Concerned to the point of paranoia about the erosion of the constitutional right to keep and bear arms, the National Rifle Association and far too many lawmakers have fought against virtually every proposal to empower the bureau to better track and crack down on illegal firearms. They have won reductions in the ATF’s already meager budget. They have restricted the bureau’s ability to share information with other law enforcement agencies. They have kept the bureau rudderless for the past six years by blocking confirmation of new directors. And they continue to fight new rules that would allow the bureau to track bulk sales of long guns that have played a major role in the drug-fueled violence in Mexico.
Now, the very critics who have tied the bureau’s hands are expressing outrage over a novel, and we would agree questionable, ATF operation intended to curb gun smuggling into Mexico.
[ … ]
Lawmakers should give the ATF the tools it needs to fight illegal gun trafficking. They should enact stronger penalties for straw purchases and craft a federal gun-smuggling statute; close the gun-show loophole, which allows buyers under certain circumstances to purchase weapons without a background check; resuscitate the ban on assault weapons; and give the ATF the authority to collect data on multiple sales of long guns in border states. The Senate should move quickly to confirm a director for the long-leaderless bureau.
So according to the LA Times and the Washington Post, the problem is the NRA and the fight to protect second amendment rights, and the remedy is to close a gun show loophole through which the Mexican drug cartels do not purchase firearms, and enact stronger penalties for the very illegality in which the ATF was themselves engaged.
Sounds a bit like Senator Feinstein’s talking points, no? And it also sounds a bit like the Justice Department fed them this perspective, just like they fed the Washington Post incorrect information on Congressional knowledge of Project Gunrunner.
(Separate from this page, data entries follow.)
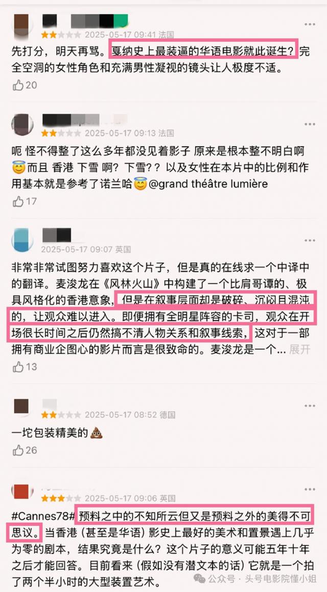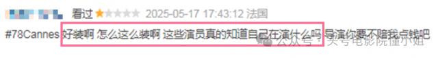 很多人生气地称这部电影为“戛纳史上最装的电影” X 中国电影诞生了”,意思是“电影从头到尾都不清楚在做什么”,“我不能理解”,评价电影“好装,演员真的在演什么”?
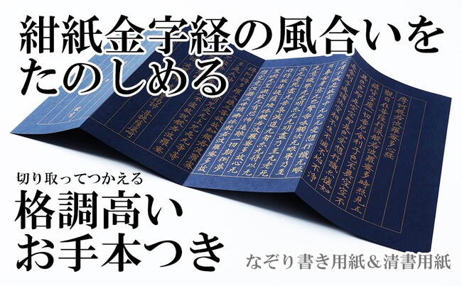 切り取ってつかえる、格調高い「紺紙金字経」風お手本で写経を楽しみましょう。
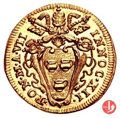 1 D/: Stemma trilobato, chiavi con impugnatura oblunga con cordoni e fiocchi. Legenda da DX: • INNOC • XII • - • PON • M • A • anno di pontificato •
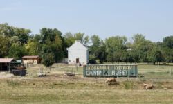 Nach ein paar Kilometern abseits der eigentlichen Route, kommt dann plötzlich die Ernüchterung. Wir fahren an einem Ortsausgangsschild vorbei, auf dem Horny Bar rot durchgestrichen steht. Oh je, Horny Bar ist gar keine Bar sondern ein Ortsname. Da war wohl unser Wunsch nach einer Bar so groß, dass wir gar nicht auf die Idee gekommen sind, dass es irgendetwas anderes als eine Bar sein könnte. Zurückfahren bringt nun nichts mehr. Ich sehe von weitem einen Kirchturm im näxten Ort, daher habe ich Hoffnung auf eine Art Bar oder ein Restaurant für ein kaltes Getränk.
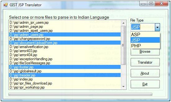 GIST JSP Translator Tool has been developed for easy and bulk conversion of JSP English data content into Indian languages. Currently it supports 11 Indian languages - Hindi, Marathi, Gujarati, Bengali, Assamese, Tamil, Telugu, Malayalam, Kannada, Punjabi, and Oriya. This application can browse multiple files of JSP, ASP or PHP from the list and translate them on one go. All tag will be parsed except non ASP, JSP, PHP, HTML tags. Fonts need to be applying in the CSS file so that data could be display in proper format.
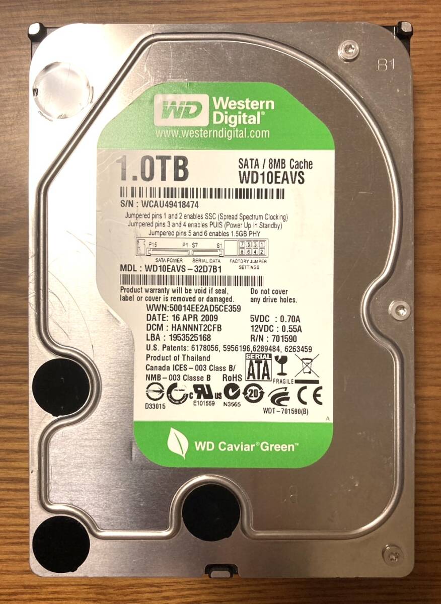 - 【状態◎】Western Digital ウェスタンデジタル WD Caviar Greenシリーズ WD10EAVS 3.5インチ HDD 1TB(日常使いに最適なHDD)
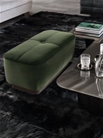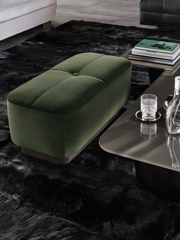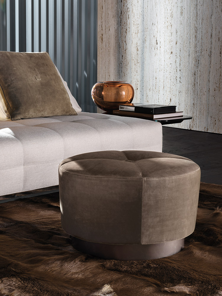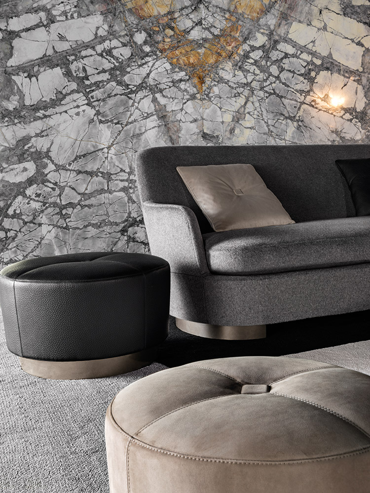 Jacquesシリーズには、さまざまな形やサイズのオットマンもあり、いずれもエレガントなステッチモチーフと四角い飾りボタンが特徴です。
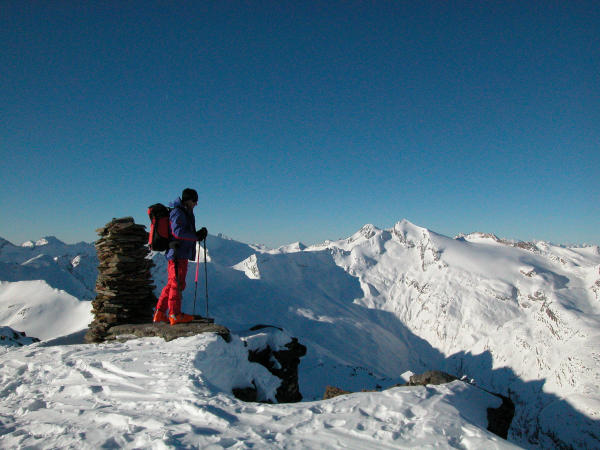 Auf Abfahrt über Westhang und Guraletschsee Pulver.

On June 28, 2011 at 10:39 am, Warbucks said:
Small arms seem to be fungible commodities, much like oil, and electricity. Further, it is also well known for its ease of entry as a pop-up cottage industry everywhere there is a market. It simply is not hard to copy designs and mass produce.
The entire capitalization of Smith & Wesson holding company is only about $400-million. Most small arm specialists are even smaller.
There appears to be no way to cut off small arms flowing into drug cartel controlled areas short of a full scale invasion. I’ve seen competent gun smiths operate from garages and do rather amazing work. How much more does it take to make 10 in stead of one?
All this seems to point to my thesis that the real problem isn’t guns, it’s profit margins on the illegal drug trade industry. Our drug laws are not working at any level. Drugs need to be legalized and distributed and taxed much like medicine and alcohol.